= Ken Lightner =

American game designer

Ken Lightner is a game designer with experience in multiple fields. His primary area of expertise is in computer games.

==Career==
Ken Lightner is the founder of Holistic Design. Lightner co-designed a tabletop miniatures spaceship combat game with Chris Wiese called Noble Armada (1998), designed to be compatible with the role-playing game Fading Suns. Lightner was head of programming for video games at Holistic, while Andrew Greenberg directed development for video games. Lightner created additional game lines specifically for publication using the d20 System, including modern world military adventures such as Afghanistan (2002). Among his more notable successes with Holistic include Battles of Destiny, Hammer of the Gods, Final Liberation, Machiavelli the Prince, Merchant Prince II, Emperor of the Fading Suns, and Mall Tycoon. He also worked heavily on a computer game called Noble Armada that never materialized. He has worked as a third-party developer for very large companies such as Mindscape, Take Two Interactive, Red Storm, MicroProse, and Segasoft. Mall Tycoon was arguably his largest game, which sold extremely well. The Merchant Prince series was highly critically acclaimed.

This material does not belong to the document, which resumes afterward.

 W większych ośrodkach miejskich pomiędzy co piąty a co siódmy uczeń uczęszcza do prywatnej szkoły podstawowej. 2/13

He was the line developer for their Real-Life Roleplaying series covering d20 Afghanistan, d20 Columbia, d20 Somalia and the d20 FBI. He also contributed heavily towards the flagship rpg product Holistic Design produced Fadings Suns, being the principal author of the military supplement Legions of the Empire. He also worked in conjunction with Chris Wiese to design the miniature based game Carnage and Noble Armada (upon which the aforementioned Computer Game was based). He also contributed fiction to the Book of All Flesh by Eden Studios.

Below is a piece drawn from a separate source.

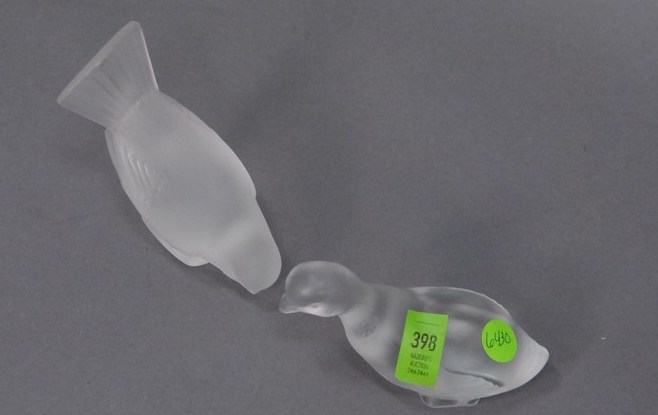 Two frosted bird figures one signed Lalique and one signed Baccarrat.

Holistic shut down all of its production on role-playing game lines in 2003, and Lightner later co-founded the computer game company Blue Heat Games. This new company specializes in cell phone games, and some of his credits with them include MLB Baseball 2004, NHL Hockey and Sega Snowboarding. He has also had a short story published in an anthology produced by Eden Studios, Inc.